═════ RECORDS SHOWN

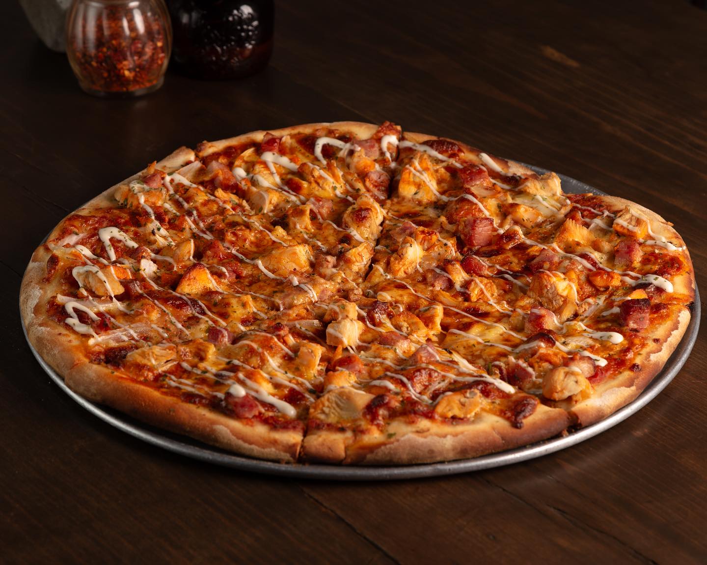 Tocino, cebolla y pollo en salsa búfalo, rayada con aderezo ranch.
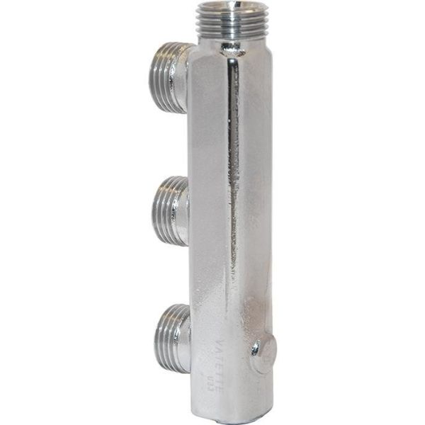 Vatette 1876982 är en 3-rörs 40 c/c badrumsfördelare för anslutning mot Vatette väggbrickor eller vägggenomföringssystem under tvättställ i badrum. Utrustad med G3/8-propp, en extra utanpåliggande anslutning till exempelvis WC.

══════════
═════ RECORDS SHOWN

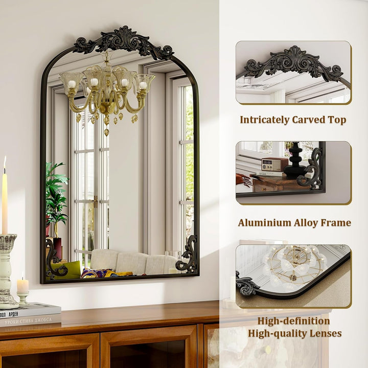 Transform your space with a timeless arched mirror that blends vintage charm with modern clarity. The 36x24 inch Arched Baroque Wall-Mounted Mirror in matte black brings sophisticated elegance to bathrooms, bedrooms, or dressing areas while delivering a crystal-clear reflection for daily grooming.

══════════

> ABOUT THIS EXERCISE
Print, word for word, the lines above that run from the line containing "Tocino, cebolla y" to the line containing "Vatette 1876982 är", both included. Keep the pictures out.

> WORKED SOLUTION
 Tocino, cebolla y pollo en salsa búfalo, rayada con aderezo ranch.
 Vatette 1876982 är en 3-rörs 40 c/c badrumsfördelare för anslutning mot Vatette väggbrickor eller vägggenomföringssystem under tvättställ i badrum. Utrustad med G3/8-propp, en extra utanpåliggande anslutning till exempelvis WC.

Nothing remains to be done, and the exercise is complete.